When the Macro Plays manuscript pages recently came out of the Folger vault for a day of conversation with scholars, curators, and the conservation team, I got a good look at some doodles.

Left page contains doodles of dragons heads and a man wearing foppish clothing; right page contains handwritten text

Compelling “doodles” on fol. 98v of the Macro Manuscripts.

Unlike the careful drawing on the final folio of the Macro play of The Castle of Perseverance, famously heralded as the earliest extant English stage design, the crude sketches on the first and last paper pages of the late-medieval masque-like play Wisdom 1 haven’t received much attention. “A man surrounded by dragons is drawn on f. 98v and the head of a man on f. 121v” is all the editor of the Early English Text Society edition had to say about them; David Bevington, in his Folger facsimile edition of The Macro Plays, says even less: “98v and 121v feature drawings of men, dragons, and the like.” Hamnet calls them doodles.

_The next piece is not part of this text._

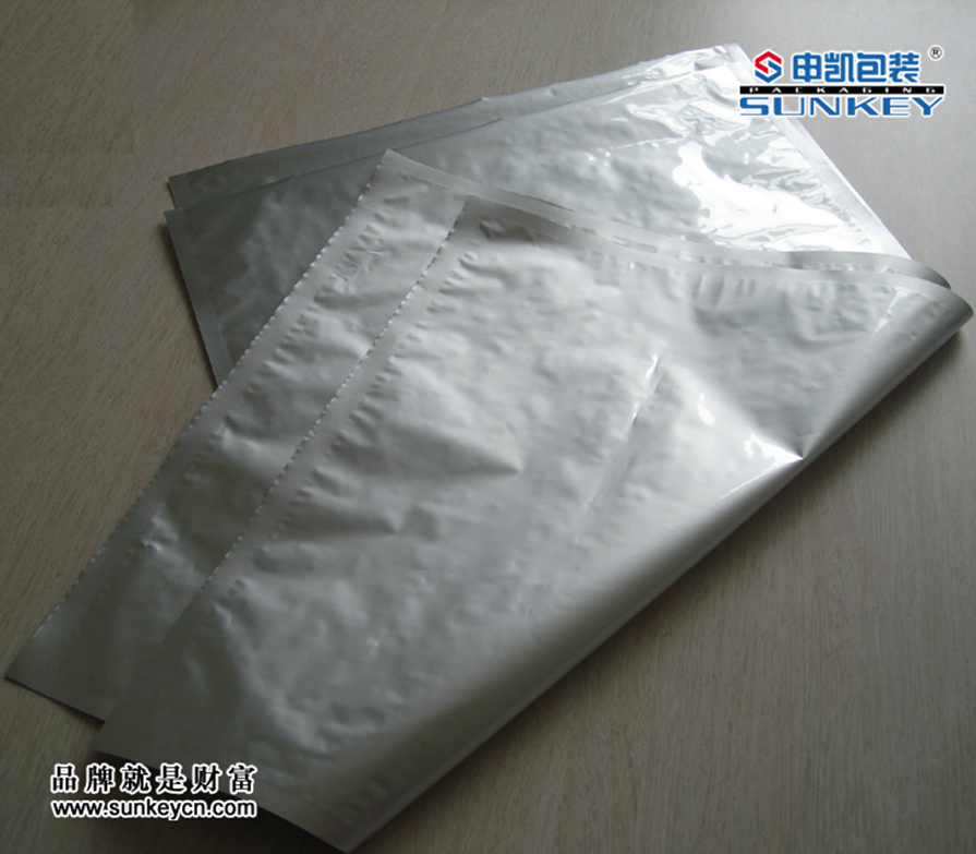 材質(zhì):1、PET/AL/PE 2、PET/NY/AL/PE(20KG包裝以上,采用特殊PE配方)

I’d looked at facsimile images of these Wisdom manuscript drawings many times. I’d also wondered about what looks like a cut page repair below the sketches on fol. 98v. It is, in fact, a cut-page repair, the Folger conservation team told me, a clean cut and not a rip—probably done to excise an earlier owner’s signature. I nodded and wrote this fact down in my notebook. Then I looked again at the doodles in front of my eyes. And I suddenly doubted that these were just random scribbles.

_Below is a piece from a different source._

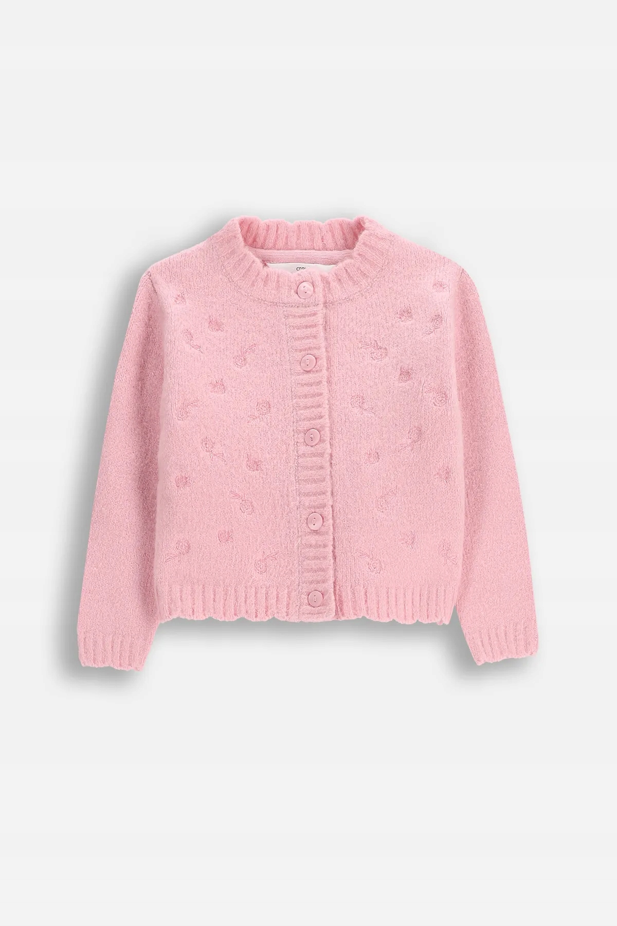 Ozdobny haft kwiatów dodaje mu wyjątkowego uroku, a długi rękaw i wygodne zapięcie na guziki sprawiają, że jest praktyczny i łatwy do zakładania. Dzięki elastycznym mankietom i wykończeniu szyi, sweterek doskonale dopasowuje się do ciała dziecka, nie krępując jego ruchów.

Detail of a drawing in the manuscript, depicting a bearded king holding a scepter.

Detail of the image on fol. 121v, showing a bearded king holding a scepter.

Certainly, this small sketch on the reverse of the last leaf of the Wisdom manuscript seems to have a clear meaning. The bearded king, holding a scepter and wearing what looks like a white, furred mantle, must be intended to invoke the “ryall hood furred with Ermyn,” the “berde” and “Regall scheptur” of Wisdom’s entrance in the play’s opening stage direction. In lines 14-16 of the play, the allegorical figure of Wisdom explains that this archetypal kingly array represents Christ, “now Gode, now man,/Spows of the chyrche and wery patrone, / Wyffe of eche chose sowle.”

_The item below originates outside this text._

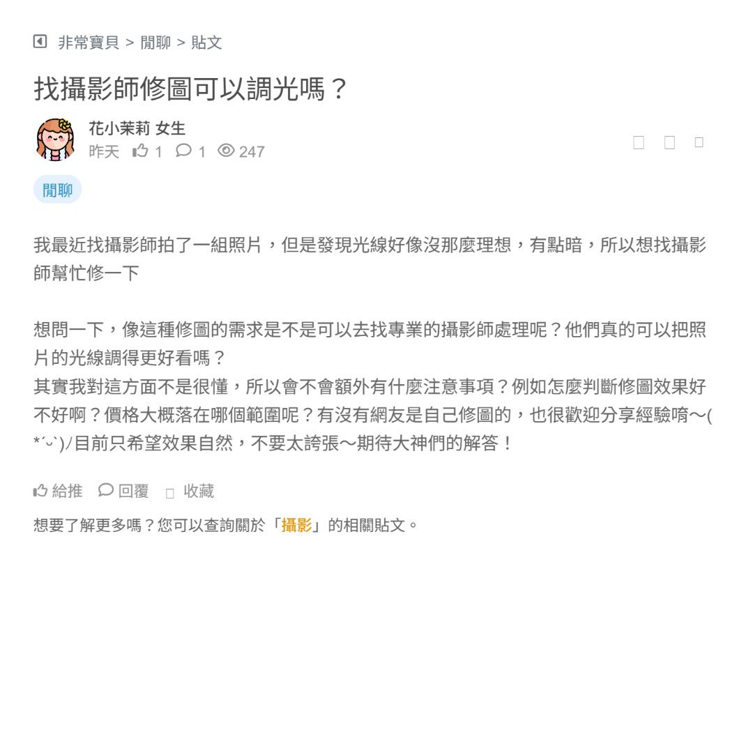 我最近找攝影師拍了一組照片,但是發現光線好像沒那麼理想,有點暗,所以想找攝影師幫忙修一下

Much more intriguing is the central figure of the bearded man drawn on folio 98v of the manuscript, attired in the spiffy slashed doublet with frilled neck and sleeves, slashed knee pants, hose, and cod-piece that were the height of English courtly fashion in c. 1540-1560.2

detail of drawings, showing the foppishly dressed man

Detail of fol. 98v, showing the foppishly dressed man surrounded by monstrous heads.

This is not just any male figure; this is a Gallant.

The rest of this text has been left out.